Resusitasi jantung paru tidak dilakukan pada semua penderita yang
mengalami gagal jantung atau pada orang yang sudah mengalami kerusakan
pernafasan atau sirkulasi yang tidak ada lagi kemungkinan untuk hidup, melainkan
yang mungkin untuk hidup lama tanpa meninggalkan kelainan di otak 8.

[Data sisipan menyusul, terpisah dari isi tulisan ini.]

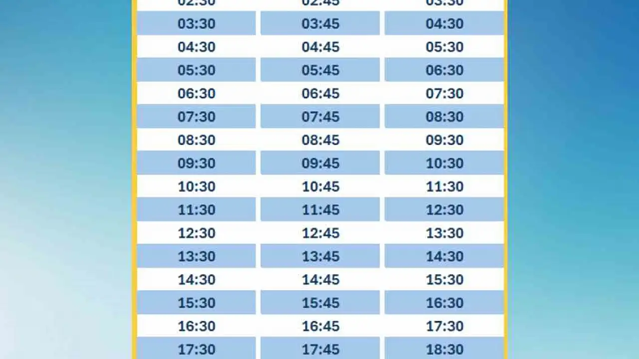 'Kalkış (Fuar Alanı): 00.30, 01.30, 02.30, 03.30, 04.30, 05.30, 06.30, 07.30, 08.30, 09.30, 10.30, 11.30, 12.30, 13.30, 14.30, 15.30, 16.30, 17.30, 18.30, 19.30, 20.30, 21.30, 22.30, 23.30
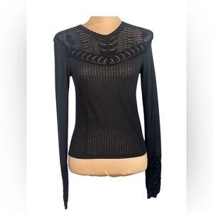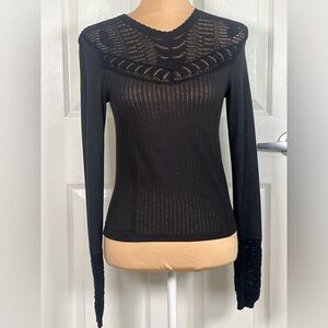 Free People Colette Scallop Neck Trim Knit Sweater Size XS
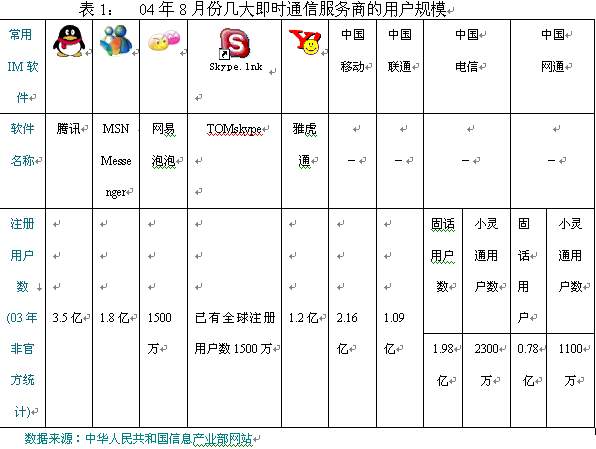 11月16日,TOM在線和歐洲行業(yè)巨頭Skype在京聯手推出聊天工具TOM-Skype,此業(yè)務的出現,立即在即時通信市場上掀起了軒然大波。其清晰的話音質量,簡潔方便的操作界面,擁有來自165個國家1500多萬的全球用戶,在極短的時間內就吸引到了大量的中國用戶,更讓基礎運營商感到不安的是skype強大的語音聊天功能將可能大大改變傳統(tǒng)電信的使用習慣;而與此同時,現有的QQ,POPO等國內即時通信工具也早已開展了語音聊天功能,只是苦于目前話音質量不盡理想而已。面對眾多虛擬運營商現實和潛在威脅,幾大基礎運營商選擇先下手為強,進入“即時通信”市場的戰(zhàn)略也就不足為怪了。
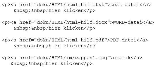 Man kann mit einem link nicht nur eine WEB-seite zur anzeige bringen, sondern beliebige dateien,sofern der browser zugriff zu einem programm hat, das die datei anzeigen kann. Die angezeigte datei kann man dann ausdrucken oder speichern. Praktische bedeutung hat das für text-dateien, PDF-dateien und grafiken. Zurück kommt man wieder über den pfeil links oben. Eine WORD-datei wird nicht angezeigt, sondern nur zum speichern angeboten und zurück kommt man mit Abbrechen. (So ist das bei Word365, bei Word möglicherweise anders).
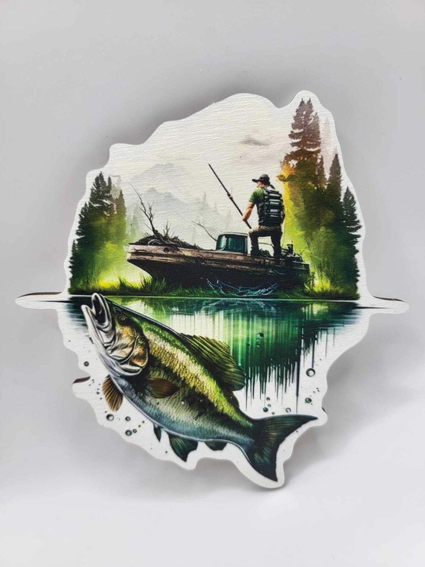 Magnetka je vyrobená z kvalitného dreva a precízne spracovaná, vďaka čomu vynikajú všetky detaily ilustrácie. Je ideálna ako dekorácia na chladničku, darček pre rybára alebo tematický doplnok na oslavu.
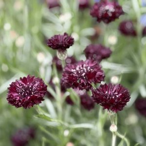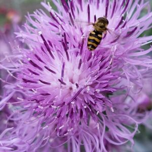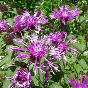 セントーレア ブラックボーイ 今春にお迎えしたセントーレア 色んな花色の苗がありましたが この紫をチョイス とても素敵な色で咲きましたが よく調べないで植え付け 背丈がすごく伸びてお花の重みで倒れて ヒモでとめてもなんだか不恰好で💦
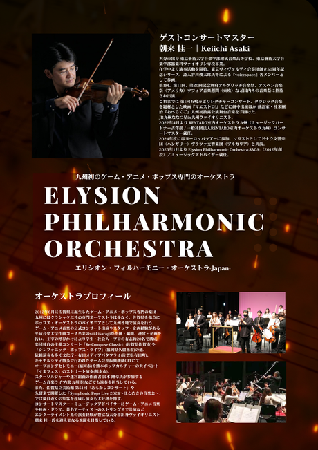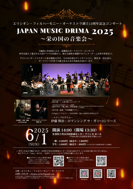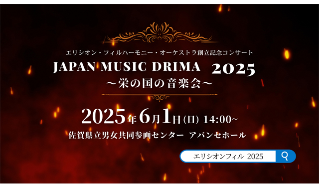 世代を超えて楽しめる、ゲーム・アニメ音楽をオーケストラで!エリシオン・フィルハーモニー・オーケストラ〈創立13周年記念〉公演「Japan Music Drima 2025~栄の国の音楽会~」を、2025年6月1日(日)14:00、佐賀県男女共同参画センター・アバンセホール(佐賀市天神3丁目2-11)で開催。
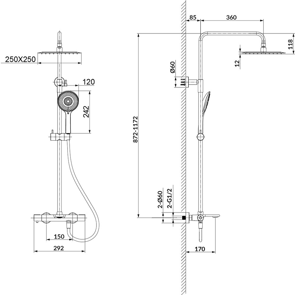 - Deszczownica slim o średnicy 25 cm wykonana ze stali nierdzewnej 25 cm
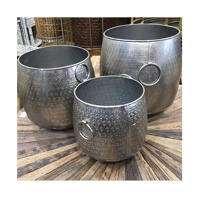 Ensemble de taille différente de trois jardinières en aluminium martelé pour accessoires de décoration de jardin
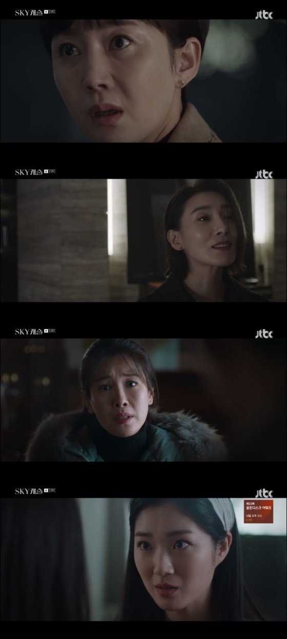 4일 오후 방송된 JTBC 금토드라마 '스카이캐슬'(극본 유현미, 연출 조현탁)에서 한서진(염정아 분)이 김주영(김서형 분)을 의심하는 장면이 그려졌다.
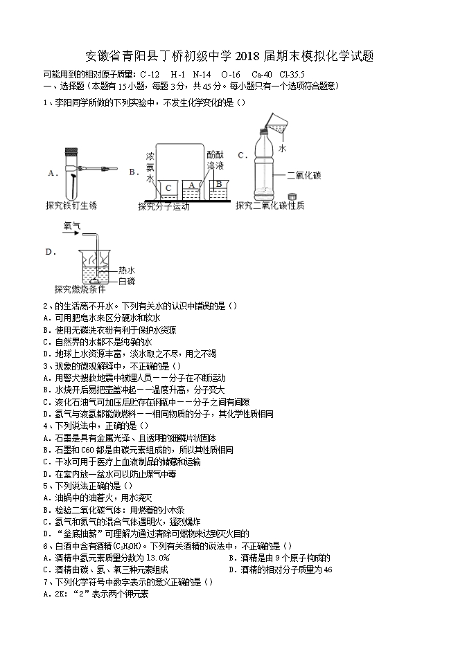 【内容简介】安徽省青阳县丁桥初级中学2018届第一学期期末模拟化学试题(word版无答案)
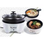 電気鍋 マルチポット 1台4役 煮る焼く蒸す炊くC&J(株)ガラス蓋付き 着脱式 600W 2段階火力 一人暮らし グリル鍋 ケトル調理 蒸し器 ホワイト
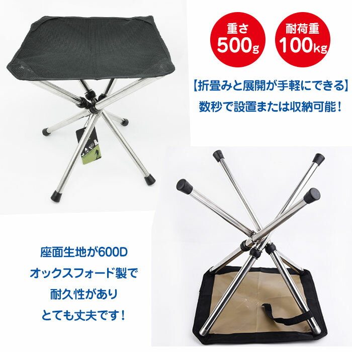 アウトドアチェア 折畳み式 わずか500g コンパクト 軽量 キャリーバッグ付属 ハイキング キャンプ BBQ 釣り 収納ポーチ付 アウトドア ◇HSK-4JD
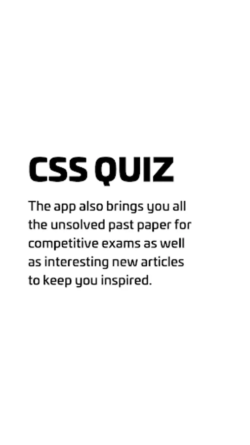 The best ever App for the CSS (Central Superior Services) examination which has almost all subject MCQs to practice anywhere and anytime. Through this App it is made possible for them to cram these MCQ's by using their smart phones.
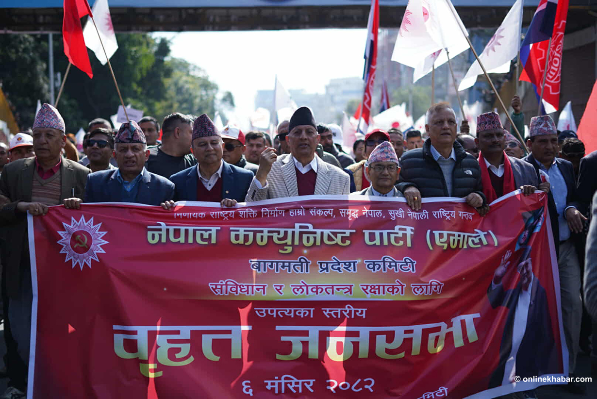 ‘संविधान र लोकतन्त्रको रक्षा हाम्रो साझा जिम्मेवारी !’ भन्ने नाराका साथ एमालेले जनसभा गरेको हो ।
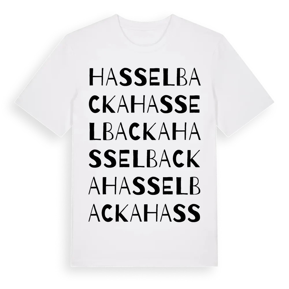 Hasselbacka ordlek t-shirt är inspirerad av Hasselbacka i Värmlands län, Sverige. Tröjan är designad för dig som har en speciell koppling till platsen – oavsett om du bor här, har rötterna här eller bara älskar Hasselbacka.
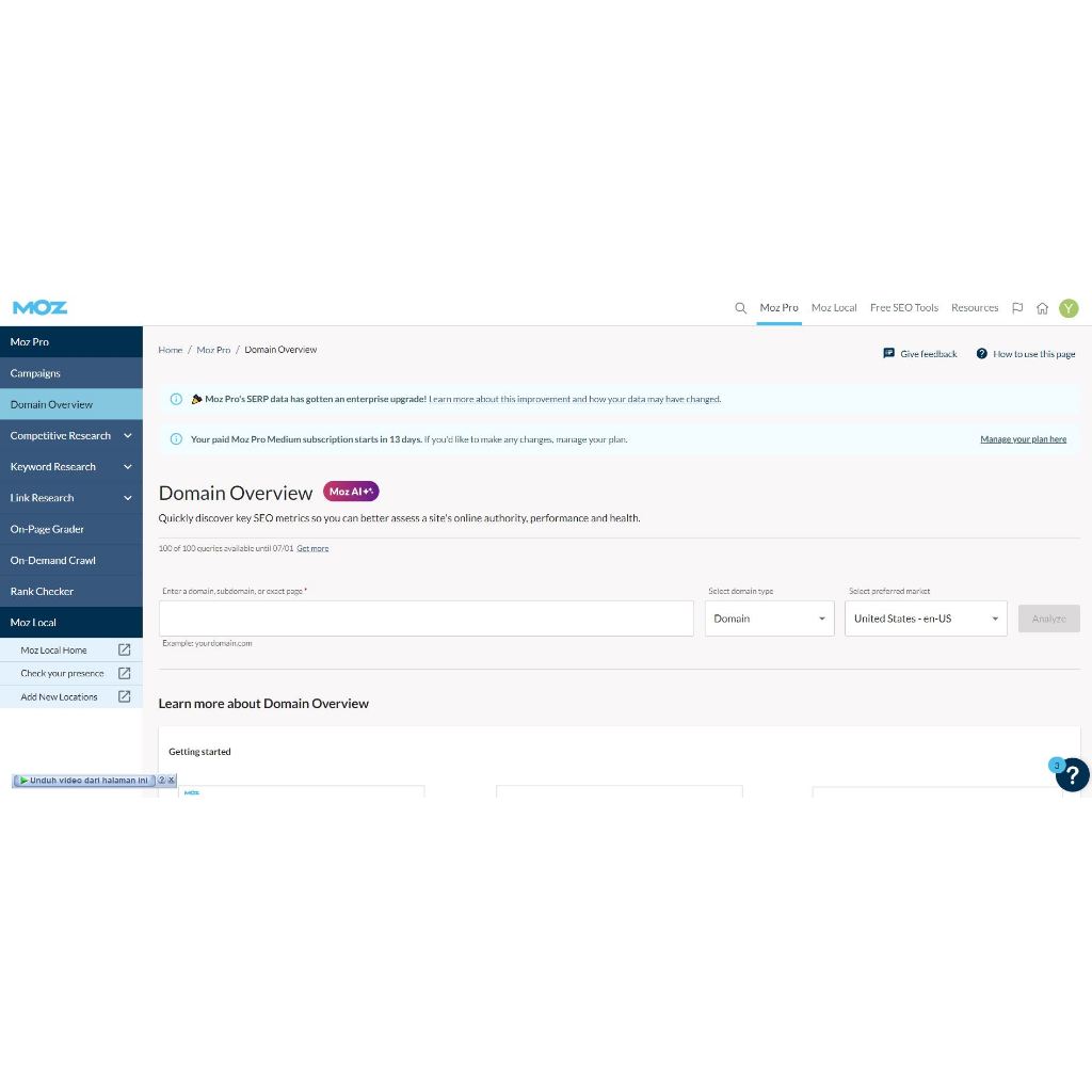 Moz Pro Private, Aman Masa Aktif 30 Hari Private Login
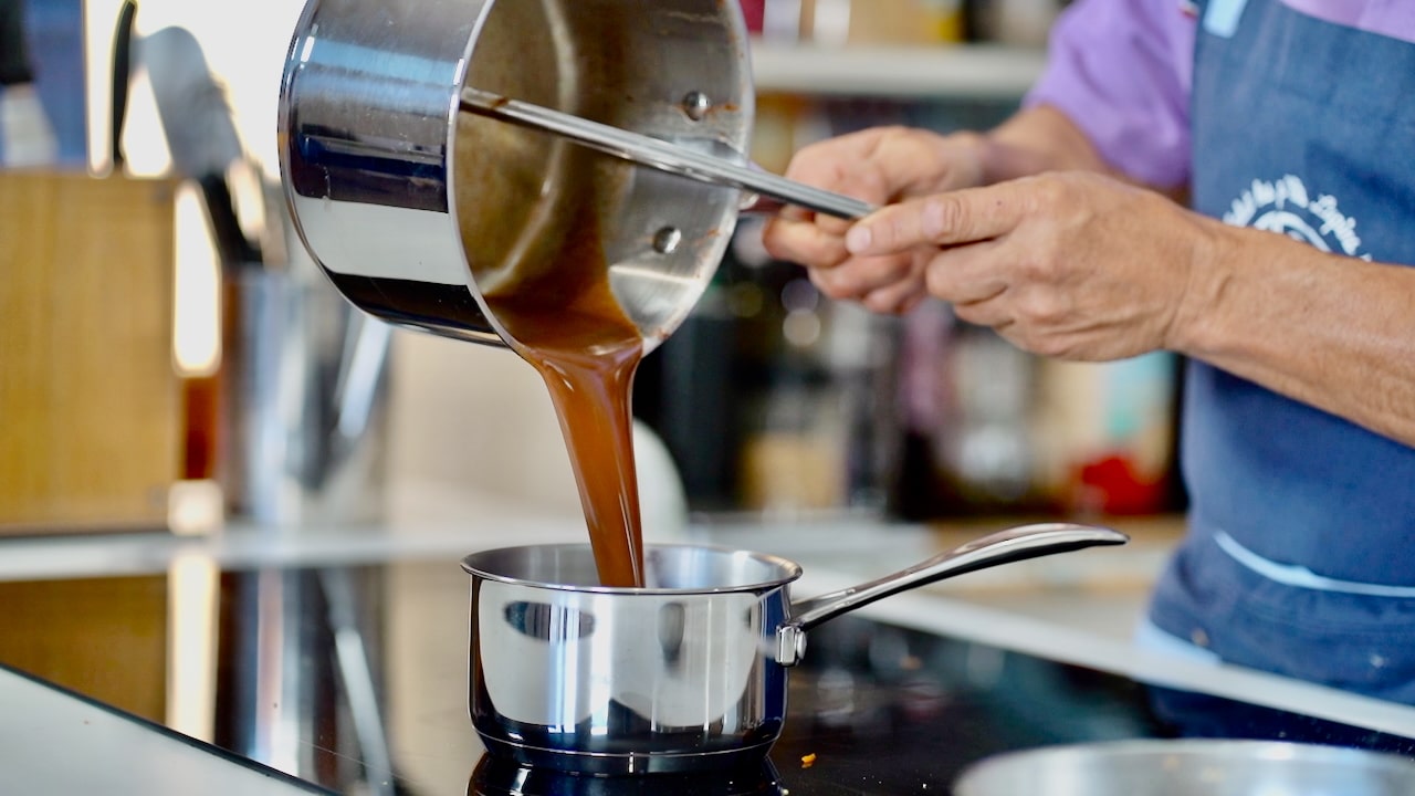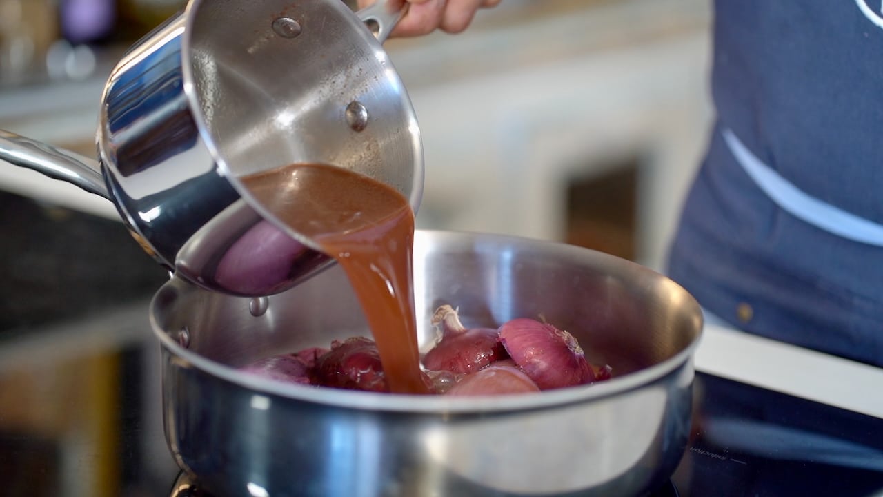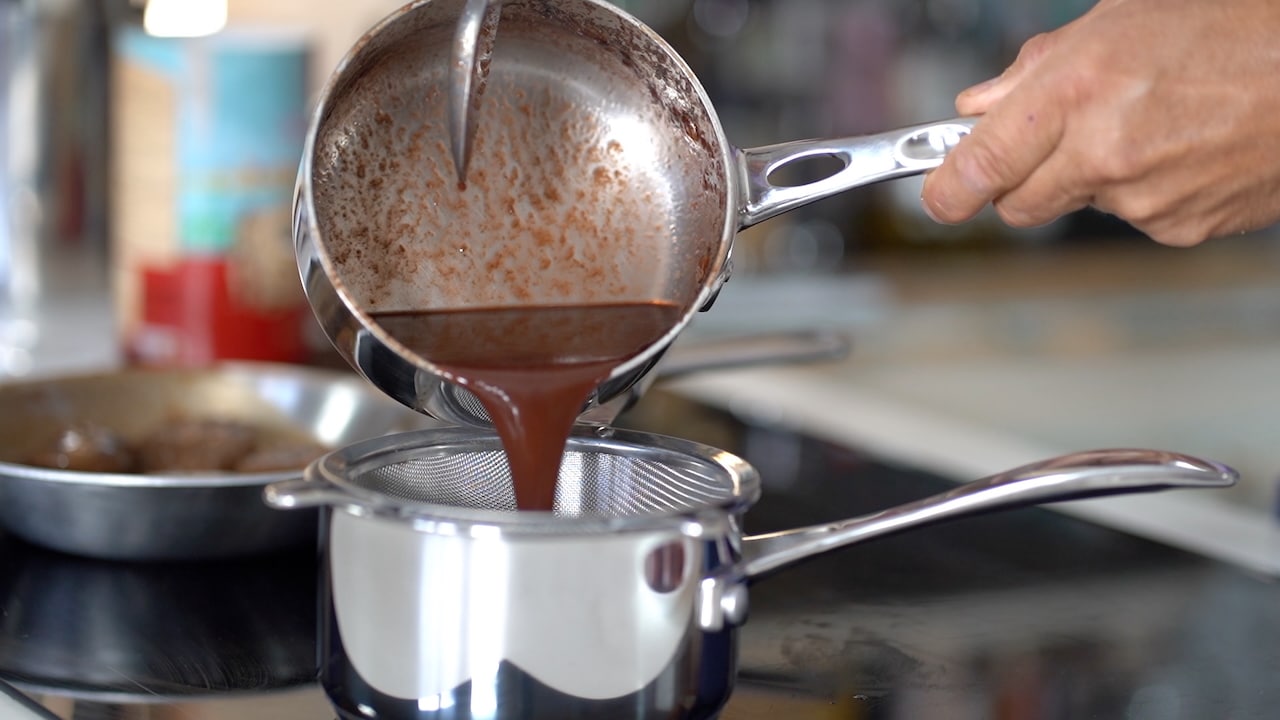 - Skim off and discard the solidified fat. Reduce the cooking liquid from the braised cheeks to 2 cups/500g.
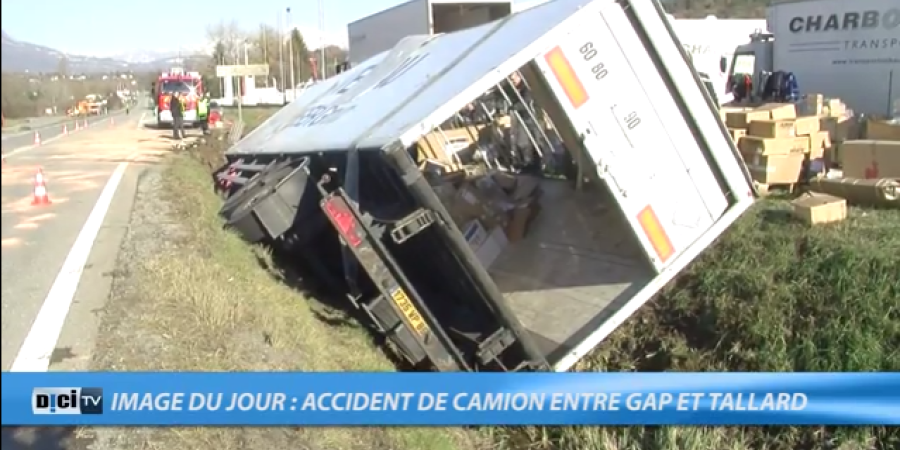 Hautes-Alpes: Un accident s'est produit Plaine de Lachaup à Gap ce matin. C'est un camion qui a été accidenté. Pas de blessés dans l'accident mais le camion transportait des produits chimiques qui se sont déversés sur la route. Un périmètre de sécurité et une surveillance est mise en place en ce moment par les services de secours. La circulation est perturbée dans le secteur.
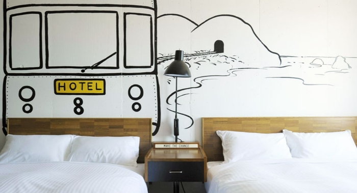 8HOTEL藤沢は、お部屋で過ごすのが楽しくなるような、クリエイターがペイントを施したお部屋をご用意。
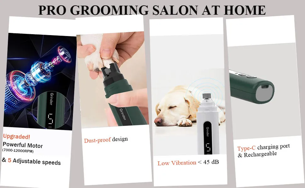Dog Nail Grinder - Electric Rechargeable Pet Nail Trimmer, 5-Speed Quiet Cat Nail Grinder for Small to Large Dogs & Cats Claw Care
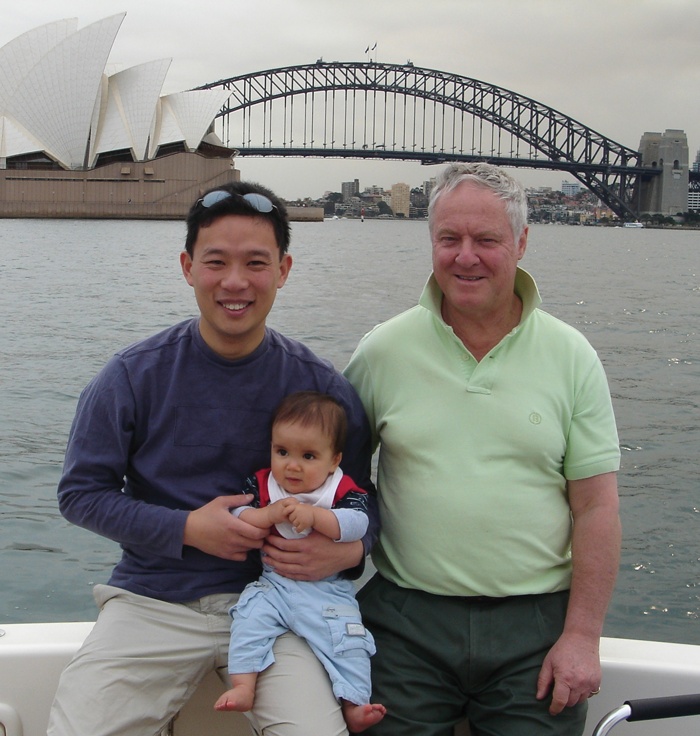 on Prof Gibson’s boat, ‘Mad Wax’ on Sydney Harbour in 2005.

Berhasil tidaknya resusitasi


jantung paru tergantung pada cepat
tindakan dan tepatnya teknik
pelaksanaannya. Pada beberapa
keadaan, tindakan resusitasi tidak
dianjurkan (tidak efektif) antara lain bila
henti jantung (arrest) telah berlangung
lebih dari 5 menit karena biasanya
kerusakan otak permanen telah terjadi,
pada keganasan stadium lanjut, gagal
jantung refrakter, edema paru refrakter,
renjatan yang mendahului arrest,
kelainan neurologik berat, penyakit ginjal,
hati dan paru yang lanjut2.
Keberhasilan resusitasi dimungkinkan oleh adanya waktu tertentu diantara
mati klinis dan mati biologis. Mati klinis terjadi bila dua fungsi penting yaitu
pernafasan dan sirkulasi mengalami kegagalan total. Jika keadaan ini tidak ditolong
akan terjadi mati biologis yang irreversibel. Resusitasi jantung paru yang dilakukan
setelah penderita mengalami henti nafas dan jantung selama 3 menit, presentasi
kembali normal 75 % tanpa gejala sisa. Setelah 4 menit presentasi menjadi 50 %
dan setelah lima menit menjadi 25 %. Maka jelaslah waktu yang sedikit itu harus
dapat dimanfaatkan dengan sebaik mungkin8.
Agar resusitasi dapat berjalan maksimal tentu saja memerlukan penolong
yang cekatan dan terampil. Waktu satu menit sangat berguna dalam memberikan
pertolongan pertama pada penderita.

B. Tujuan Penulisan
Tujuan penulisan referat ini untuk lebih memahami tentang pelaksanaan
resusitasi jantung paru yang terjadi dalam praktek.

BAB II
TINJAUAN PUSTAKA
A. Definisi
Resusitasi jantung paru merupakan usaha yang dilakukan untuk mengembalikan fungsi
pernafasan dan atau sirkulasi pada henti nafas (respiratory arrest) dan atau henti jantung (cardiac
arrest) pada orang dimana fungsi tersebut gagal total oleh suatu sebab yang memungkinkan untuk

hidup normal selanjutnya bila kedua fungsi tersebut bekerja kembali5.

B. Anatomi dan Fisiologi


Pemakaian oksigen dan pengeluaran karbon dioksida sangat diperlukan untuk menjalankan
fungsi normal selular didalam tubuh. Pemakaian tersebut melalui suatu proses pernafasan sehingga
secara harfiah pernafasan dapat diartikan pergerakan oksigen dari atmosfer menuju sel ke udara
bebas. Proses pernafasan terdiri dari beberapa langkah dimana sistem pernafasan, sistem saraf
pusat dan sistem kardiovaskuler memegang peranan yang sangat penting13.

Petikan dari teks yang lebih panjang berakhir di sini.